Data block.

● ● ●

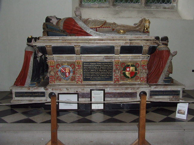 Parish church of St Michael the Archangel, Framlingham, Suffolk: tomb of Henry Howard The tomb of Henry Howard, Earl of Surrey and Frances, (née de Vere) Countess of Surrey
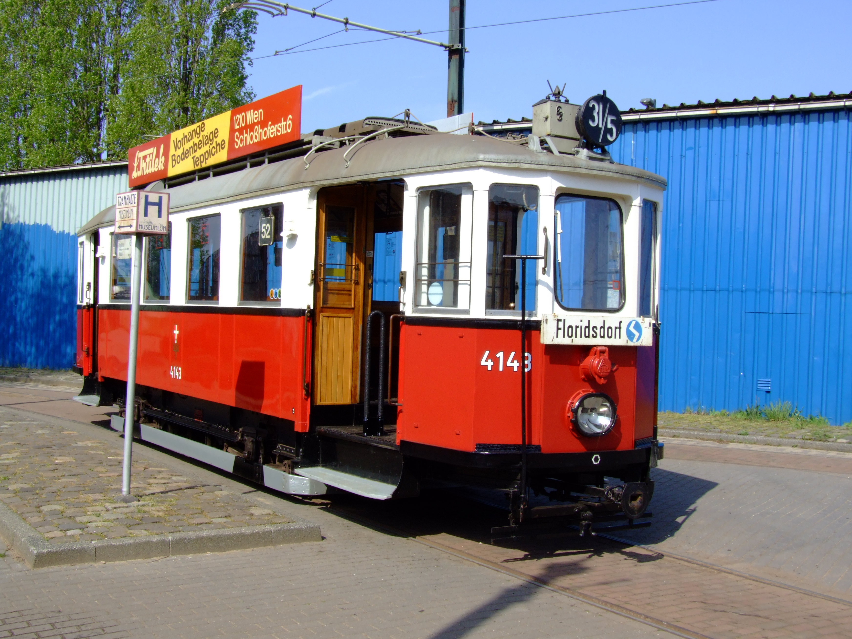 Part of the Electrische Museumtramlijn Amsterdam collection. Museum tram 4143 Floridsdorf
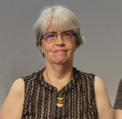 ISMBECCB 2019 2019 ISCB Fellows Thomas Lengauer and Bonnie Berger welcome the new Fellows. Marie-France Sagot and Xiaole Shirley Liu Absent: Vineet Bafna and Eleazar Eskin
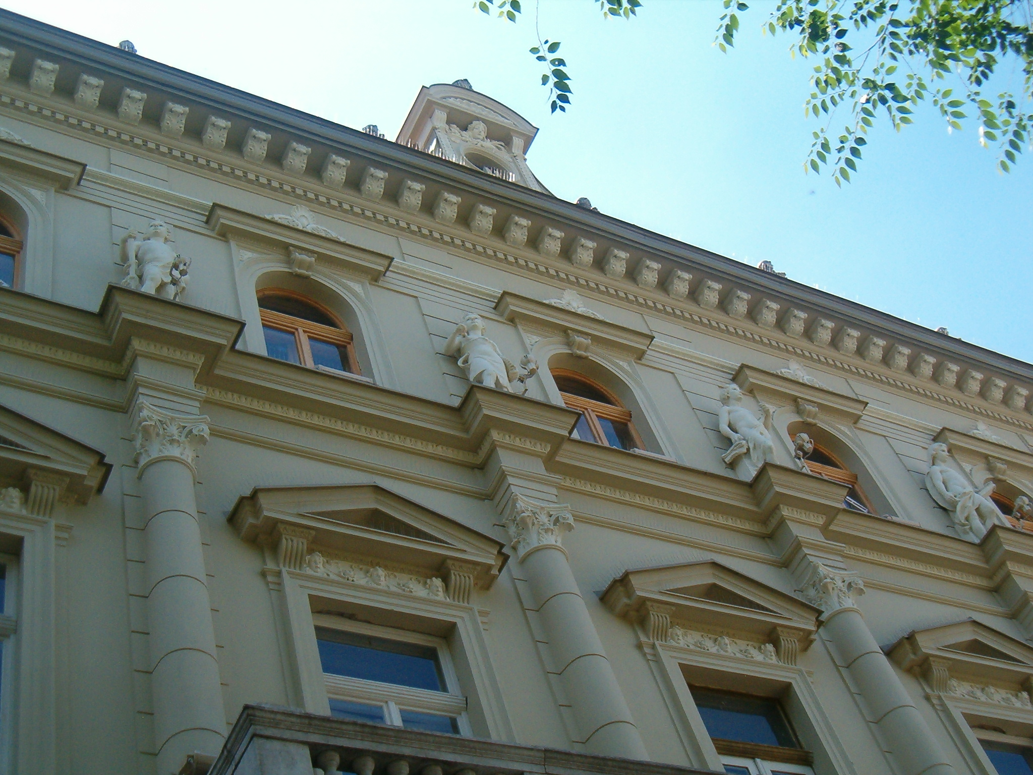 National Museum, Zrenjanin, Vojvodina, Serbia

● ● ●

Exercise brief.
Everything in the listing above must be retyped exactly, except for the pictures.

Response box.
 Parish church of St Michael the Archangel, Framlingham, Suffolk: tomb of Henry Howard The tomb of Henry Howard, Earl of Surrey and Frances, (née de Vere) Countess of Surrey
 Part of the Electrische Museumtramlijn Amsterdam collection. Museum tram 4143 Floridsdorf
 ISMBECCB 2019 2019 ISCB Fellows Thomas Lengauer and Bonnie Berger welcome the new Fellows. Marie-France Sagot and Xiaole Shirley Liu Absent: Vineet Bafna and Eleazar Eskin
 National Museum, Zrenjanin, Vojvodina, Serbia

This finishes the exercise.